[Data excerpt]
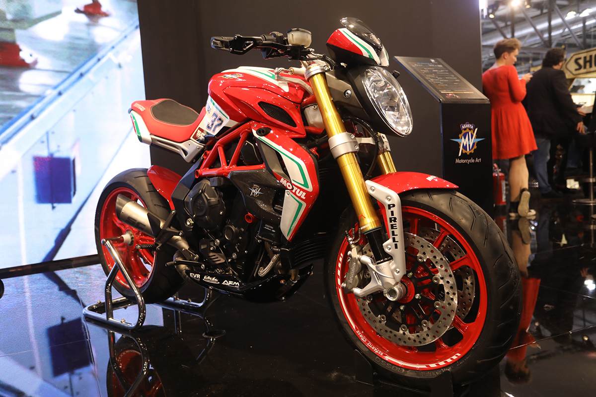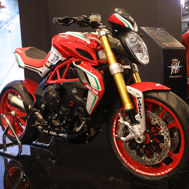MV Agusta si presenta al salone con le versioni 2018 delle Dragster, F3 e della F4 Reparto Corsa, ma anche con l'inedita Brutale 800RR realizzata in collaborazione con Pirelli.
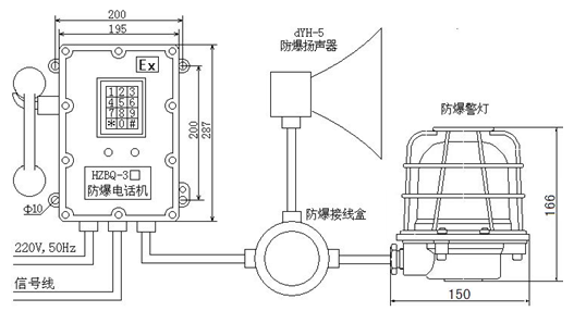 4.防爆標(biāo)志:ExdibⅡBT6 Gb(防爆電話機(jī));ExdⅡBT6 Gb(防爆揚(yáng)聲器)
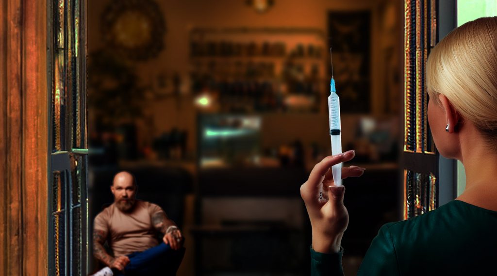 A large man with a bit of a gooey center, Trace is a Hollywood tattoo artist still finding his footing after battling the demons of his past. His intimidating appearance belies a softer side, a man who’s really just an artist at heart, happy to get to apply his craft and hang out with his dog, Sabbath.
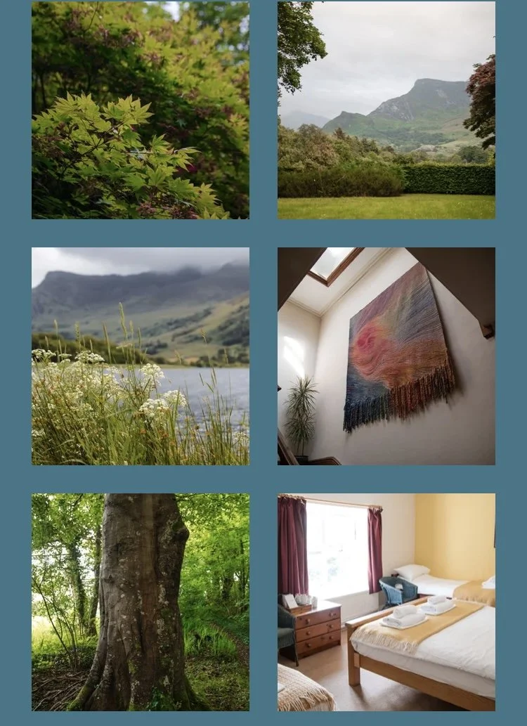 Our venue is set amongst 18 acres of gardens, meadows and woodlands with views of Eryri mountains and Llyn Nantlle. The space consists of comfortable twin rooms with shared bathrooms, our private Yoga studio and communal places to relax. All food is freshly prepared on site each day and is made with locally sourced and home grown biodynamic produce. The kitchen team take pride in offering seasonal, nutritious food made with love, care and imagination.

[About this exercise]
The response should hold only an exact retyping of the lines from the beginning of the data through the line containing "4.防爆標(biāo)志:ExdibⅡBT6 Gb(防爆電話機(jī));ExdⅡBT6 Gb(防爆揚(yáng)聲器)", both ends kept, pictures omitted.

[Result below]
MV Agusta si presenta al salone con le versioni 2018 delle Dragster, F3 e della F4 Reparto Corsa, ma anche con l'inedita Brutale 800RR realizzata in collaborazione con Pirelli.
 4.防爆標(biāo)志:ExdibⅡBT6 Gb(防爆電話機(jī));ExdⅡBT6 Gb(防爆揚(yáng)聲器)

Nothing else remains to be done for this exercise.